Raw data
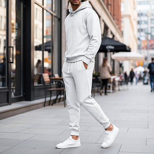 Per uomo Tuta da Ginnastica Set di abiti Set di felpe con cappuccio Felpa con Cappuccio All'aperto Quotidiano Sportivo Jacquard Coulisse Semplice Nero Bianco Cachi Abbigliamento sportivo Moda
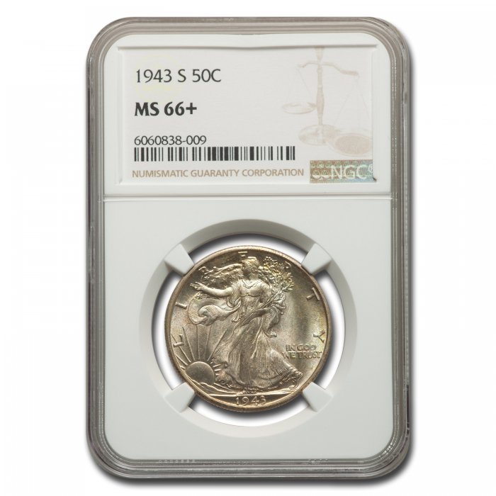Only $739.00 per coin This 1943-S Walking Liberty Half Dollar has been certified as MS-66+ by NGC, one of the top two coin grading services. This coin has a population of only 38 coins!
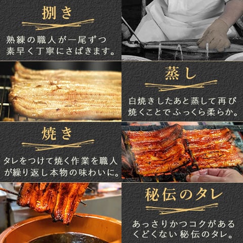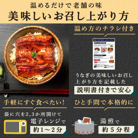 | 原材料 | うなぎ蒲焼き:ニホンウナギ(国産)、しょうゆ(小麦を含む)、糖類(砂糖、ブドウ糖果糖液糖、水あめ)、みりん、でんぷん、カラメル色素、アナトー、調味料(アミノ酸等)、(原材料の一部に小麦、大豆を含む) 付属のタレ・山椒:しょうゆ(本醸造)、砂糖、みりん、(原材料の一部に小麦、大豆を含む)、さんしょう |
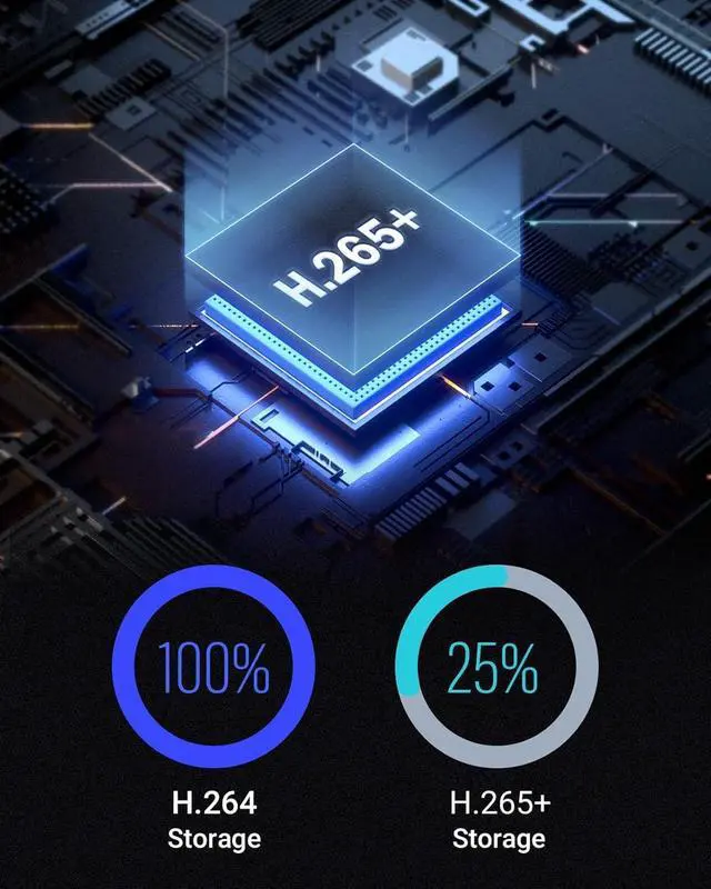 Reliable 24/7 Continuous RecordingBy installing a surveillance hard drive disk (NOT Included), providing 24/7 surveillance recording for you. Upgraded H.265+ saves more storage space and uses less bandwidth, recording videos longer and smoother viewing.
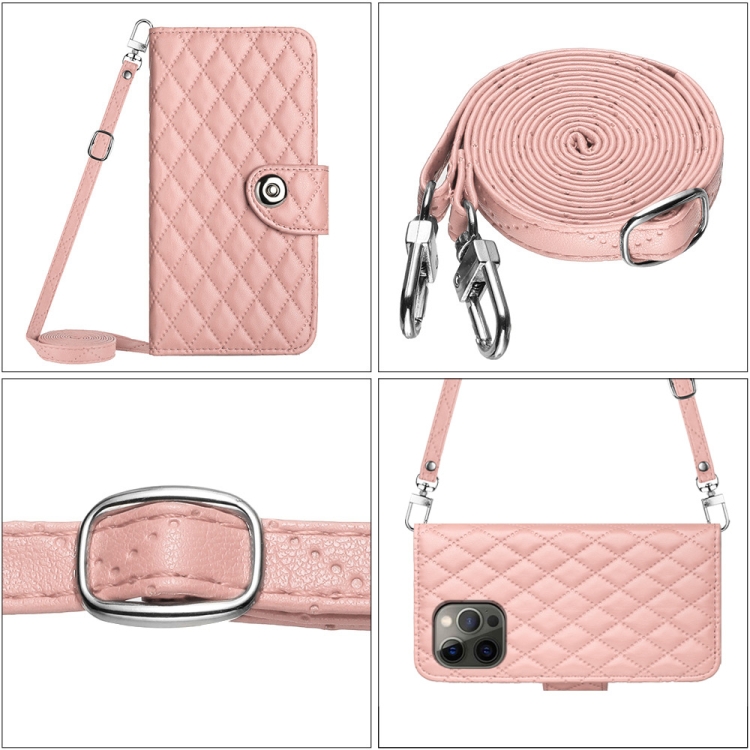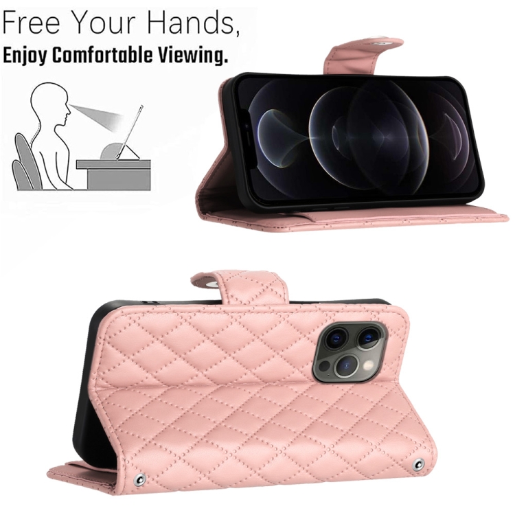 Funda para Teléfono iPhone 12 Pro Max con Tapa de Cuero Textura Rómbica y Cordón Largo (Rosa Coral)
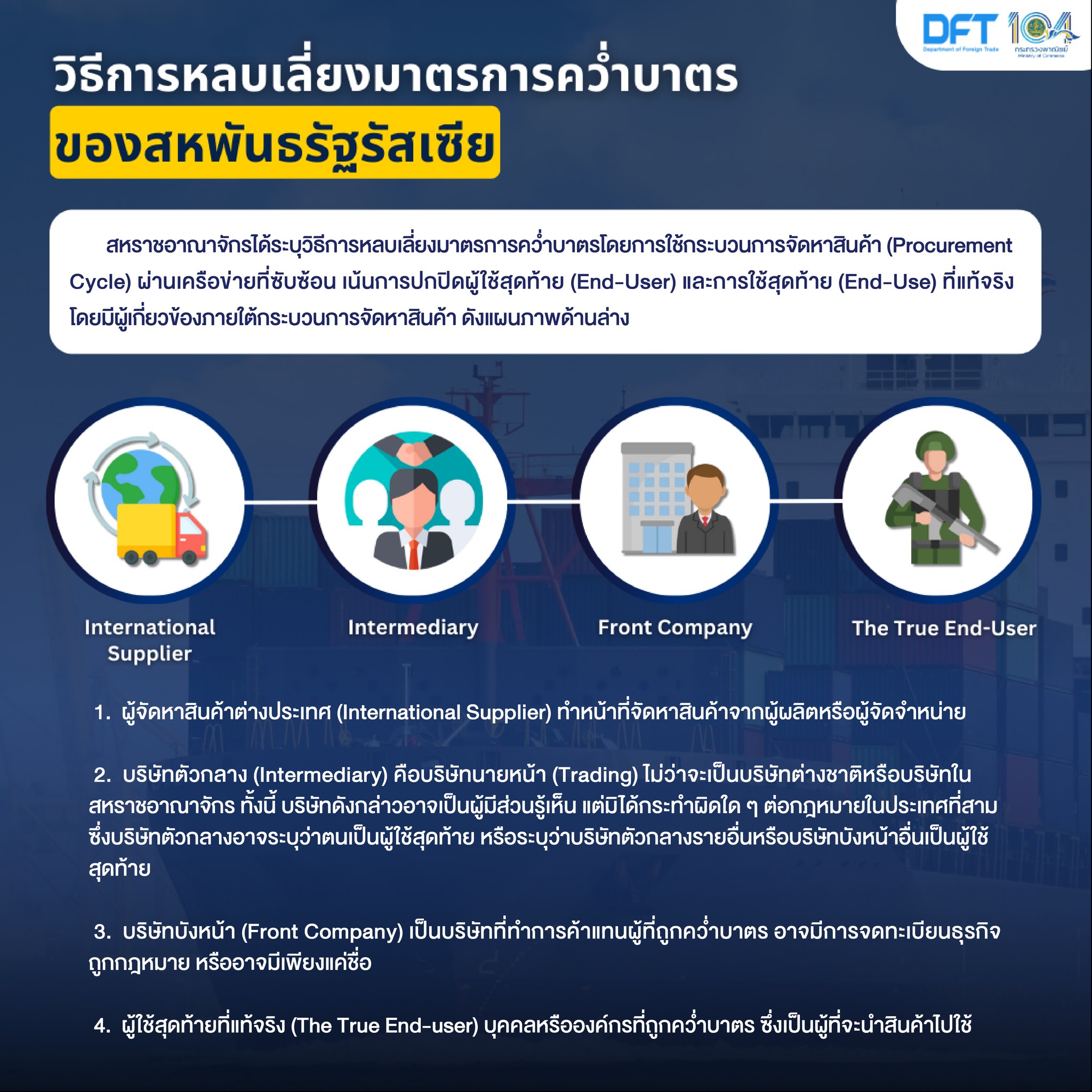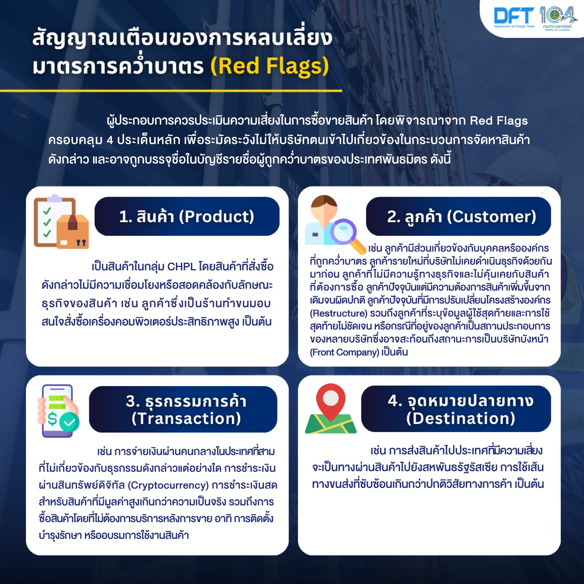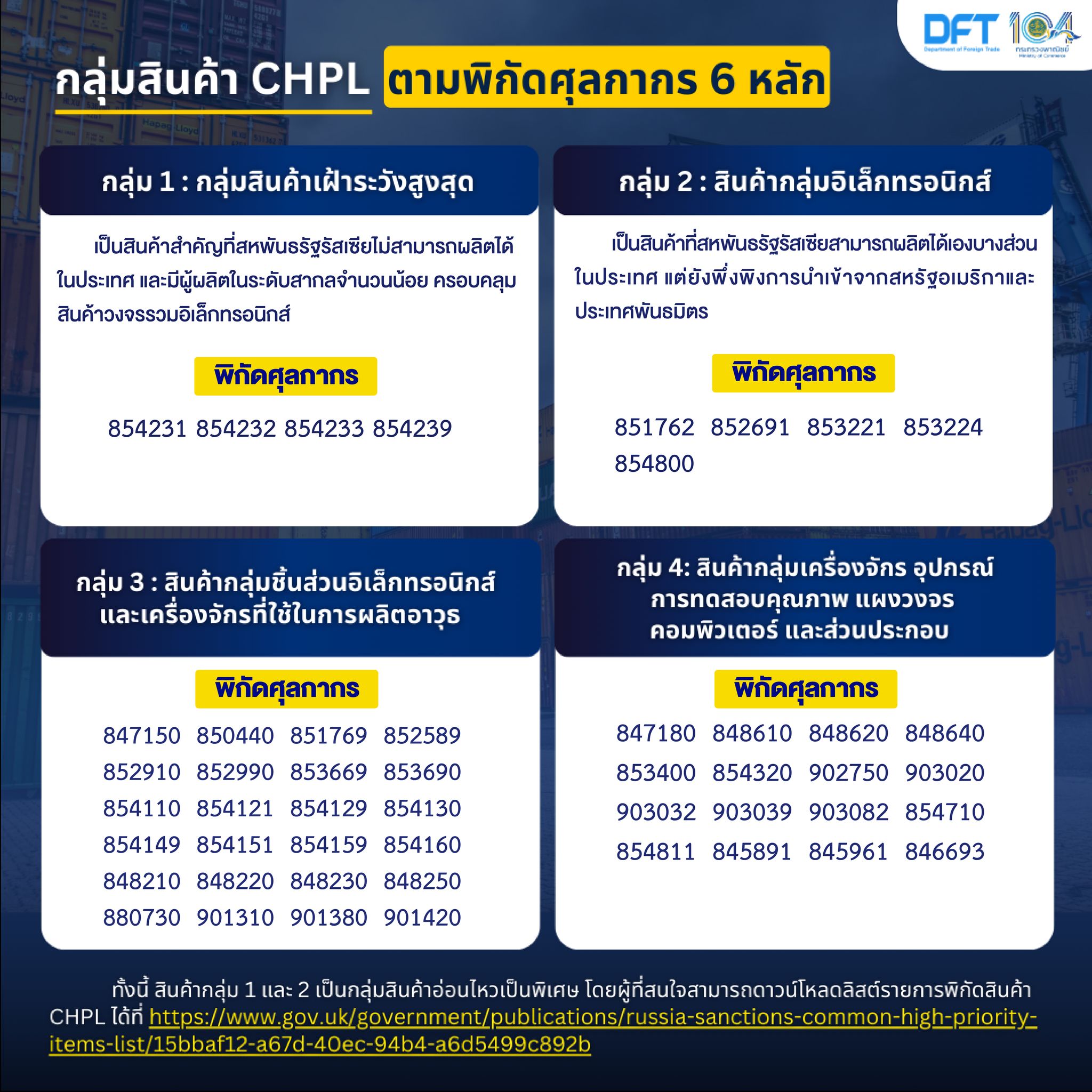 รู้หรือไม่ เมื่อวันที่ 7 มกราคม 2568 สำนักงานการบังคับใช้มาตรการคว่ำบาตรทางการค้า (Office of Trade Sanctions Implementation) กระทรวงธุรกิจและการค้าสหราชอาณาจักร (Department for Business and Trade) ได้ออกเอกสารข้อแนะนำสำหรับธุรกิจในสหราชอาณาจักรกรณีการหลบเลี่ยงมาตรการคว่ำบาตรสหพันธรัฐรัสเซีย (Countering Russian Sanctions Evasion Guidance for Exporters) ให้ใช้ดุลพินิจและประเมินความเสี่ยงอย่างถี่ถ้วนเมื่อต้องการทำการค้ากับ 14 ประเทศ ได้แก่ อาร์มีเนีย จีน (รวมถึงฮ่องกงและมาเก๊า) อินเดีย อิสราเอล คาซัคสถาน คีร์กีซสถาน มาเลเซีย มองโกเลีย เซอร์เบีย ตุรกี สหรัฐอาหรับเอมิเรตส์ อุซเบกิสถาน เวียดนาม และไทย ซึ่งมีความเสี่ยงในการเป็นทางผ่านสินค้ากลุ่มอ่อนไหว (Common High Priority List: CHPL) เพื่อส่งต่อไปยังสหพันธรัฐรัสเซีย โดยให้เหตุผลว่าสหพันธรัฐรัสเซียใช้สินค้าดังกล่าวเสริมศักยภาพในการสู้รบกับยูเครน
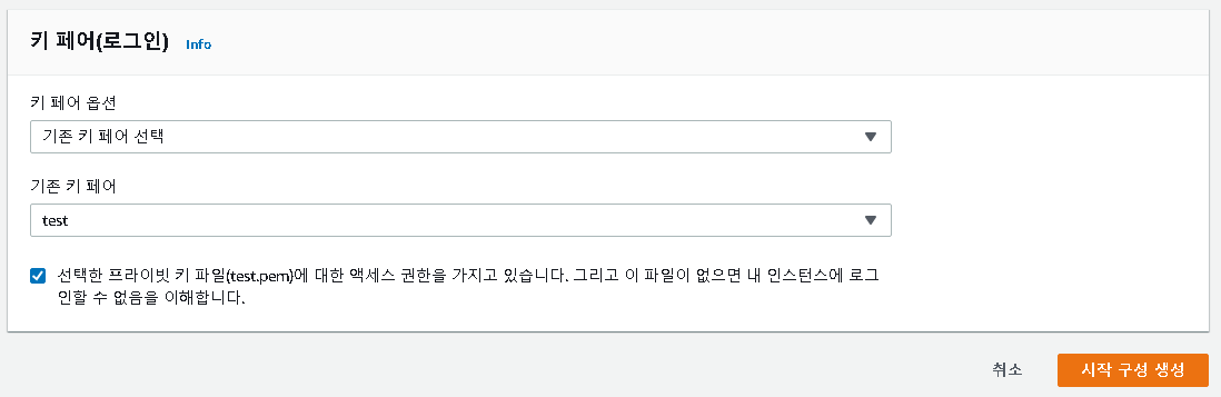 이제 키 페어 설정입니다. 저는 기존에 사용 중인 키 페어를 이용해서 로그인하겠습니다.
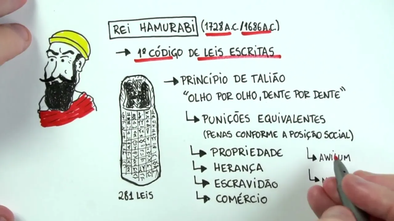 então era também registrado na forma de Cunha né Essas leis foram esculpidas nessa pedra cilíndrica eh da maneira cuneiforme certo [Música] eh esse essa pedra hoje eh o código de amurabi ele se encontra no museu do luvre em Paris certo Bueno gente outro elemento importante aqui do Primeiro Império babilônico é que o amurabi vai eh decretar né o marduk o Deus mardu como o Deus supremo do Panteão dos Deuses o Deus dos Deuses Então já temos um código de lei padronizado em todo os domínios do Primeiro Império babilônico e agora nós temos um Deus que
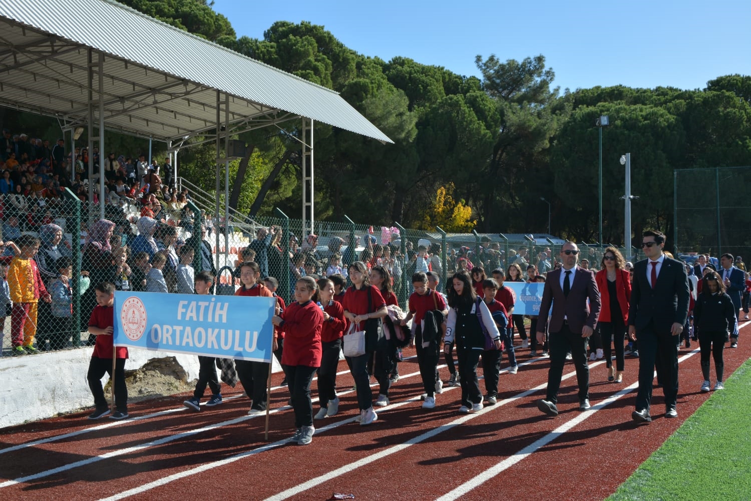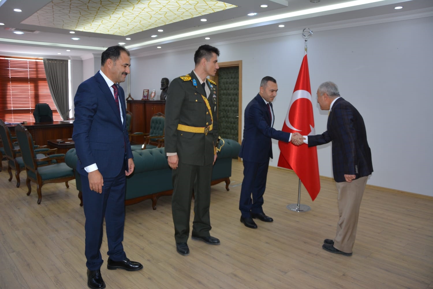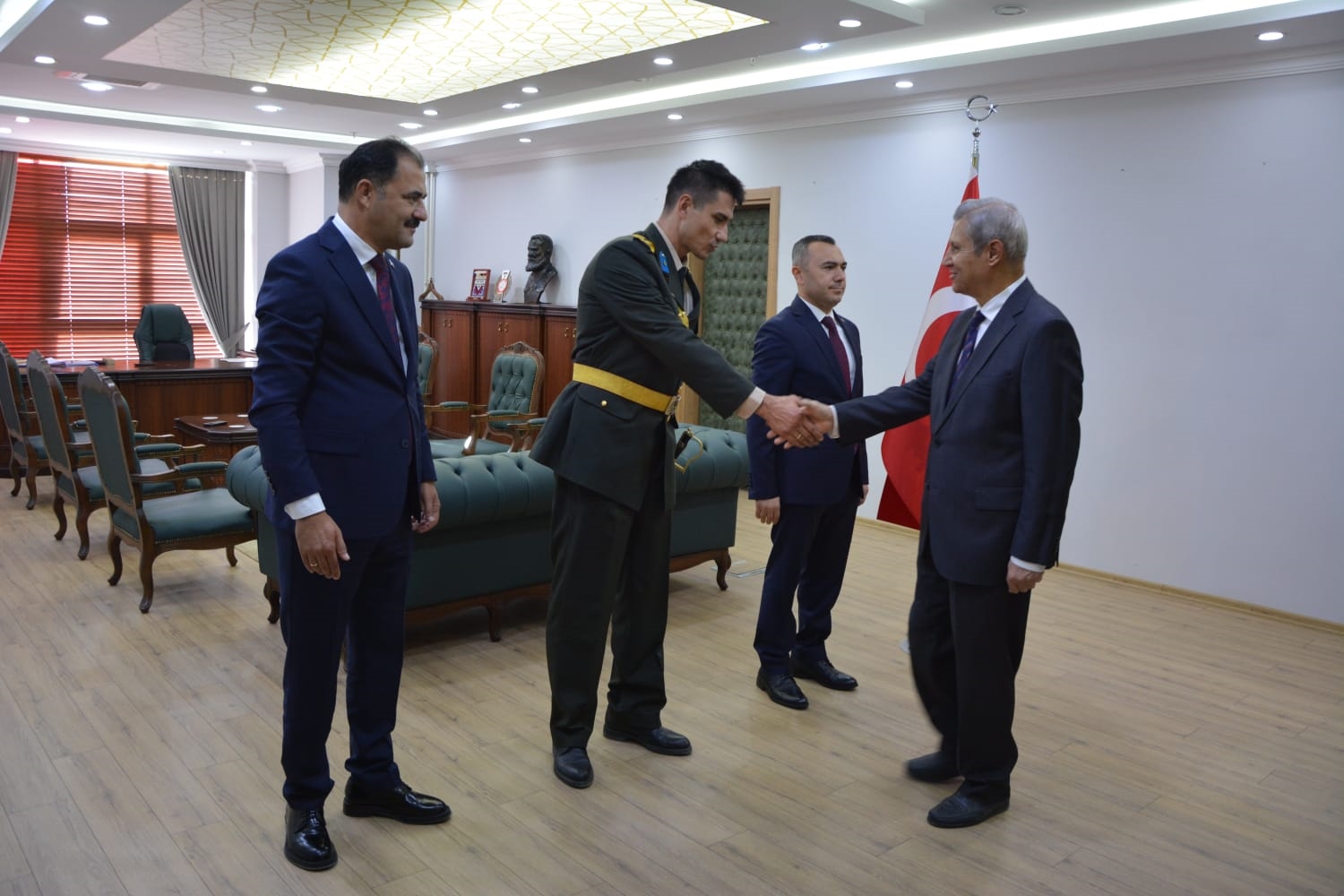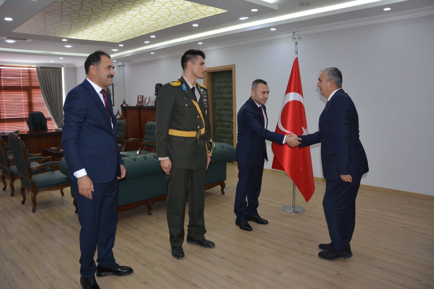 Kaymakamlık makamında düzenlenen tebrikat törenin ardından Kaymakamımız Yavuz Arslan, Garnizon Komutanı Mly. Binbaşı Hüseyin Cihan Korkmaz ve Belediye Başkanımız Erkan Kara törenlerin yapılacağı Kaymakam İbrahim Ethem Akıncı stadına geçiş yaptılar.

What you are asked to do
When you output the listing, reproduce it exactly but drop its pictures.

Expected answer
 Per uomo Tuta da Ginnastica Set di abiti Set di felpe con cappuccio Felpa con Cappuccio All'aperto Quotidiano Sportivo Jacquard Coulisse Semplice Nero Bianco Cachi Abbigliamento sportivo Moda
Only $739.00 per coin This 1943-S Walking Liberty Half Dollar has been certified as MS-66+ by NGC, one of the top two coin grading services. This coin has a population of only 38 coins!
 | 原材料 | うなぎ蒲焼き:ニホンウナギ(国産)、しょうゆ(小麦を含む)、糖類(砂糖、ブドウ糖果糖液糖、水あめ)、みりん、でんぷん、カラメル色素、アナトー、調味料(アミノ酸等)、(原材料の一部に小麦、大豆を含む) 付属のタレ・山椒:しょうゆ(本醸造)、砂糖、みりん、(原材料の一部に小麦、大豆を含む)、さんしょう |
 Reliable 24/7 Continuous RecordingBy installing a surveillance hard drive disk (NOT Included), providing 24/7 surveillance recording for you. Upgraded H.265+ saves more storage space and uses less bandwidth, recording videos longer and smoother viewing.
 Funda para Teléfono iPhone 12 Pro Max con Tapa de Cuero Textura Rómbica y Cordón Largo (Rosa Coral)
 รู้หรือไม่ เมื่อวันที่ 7 มกราคม 2568 สำนักงานการบังคับใช้มาตรการคว่ำบาตรทางการค้า (Office of Trade Sanctions Implementation) กระทรวงธุรกิจและการค้าสหราชอาณาจักร (Department for Business and Trade) ได้ออกเอกสารข้อแนะนำสำหรับธุรกิจในสหราชอาณาจักรกรณีการหลบเลี่ยงมาตรการคว่ำบาตรสหพันธรัฐรัสเซีย (Countering Russian Sanctions Evasion Guidance for Exporters) ให้ใช้ดุลพินิจและประเมินความเสี่ยงอย่างถี่ถ้วนเมื่อต้องการทำการค้ากับ 14 ประเทศ ได้แก่ อาร์มีเนีย จีน (รวมถึงฮ่องกงและมาเก๊า) อินเดีย อิสราเอล คาซัคสถาน คีร์กีซสถาน มาเลเซีย มองโกเลีย เซอร์เบีย ตุรกี สหรัฐอาหรับเอมิเรตส์ อุซเบกิสถาน เวียดนาม และไทย ซึ่งมีความเสี่ยงในการเป็นทางผ่านสินค้ากลุ่มอ่อนไหว (Common High Priority List: CHPL) เพื่อส่งต่อไปยังสหพันธรัฐรัสเซีย โดยให้เหตุผลว่าสหพันธรัฐรัสเซียใช้สินค้าดังกล่าวเสริมศักยภาพในการสู้รบกับยูเครน
 이제 키 페어 설정입니다. 저는 기존에 사용 중인 키 페어를 이용해서 로그인하겠습니다.
 então era também registrado na forma de Cunha né Essas leis foram esculpidas nessa pedra cilíndrica eh da maneira cuneiforme certo [Música] eh esse essa pedra hoje eh o código de amurabi ele se encontra no museu do luvre em Paris certo Bueno gente outro elemento importante aqui do Primeiro Império babilônico é que o amurabi vai eh decretar né o marduk o Deus mardu como o Deus supremo do Panteão dos Deuses o Deus dos Deuses Então já temos um código de lei padronizado em todo os domínios do Primeiro Império babilônico e agora nós temos um Deus que
 Kaymakamlık makamında düzenlenen tebrikat törenin ardından Kaymakamımız Yavuz Arslan, Garnizon Komutanı Mly. Binbaşı Hüseyin Cihan Korkmaz ve Belediye Başkanımız Erkan Kara törenlerin yapılacağı Kaymakam İbrahim Ethem Akıncı stadına geçiş yaptılar.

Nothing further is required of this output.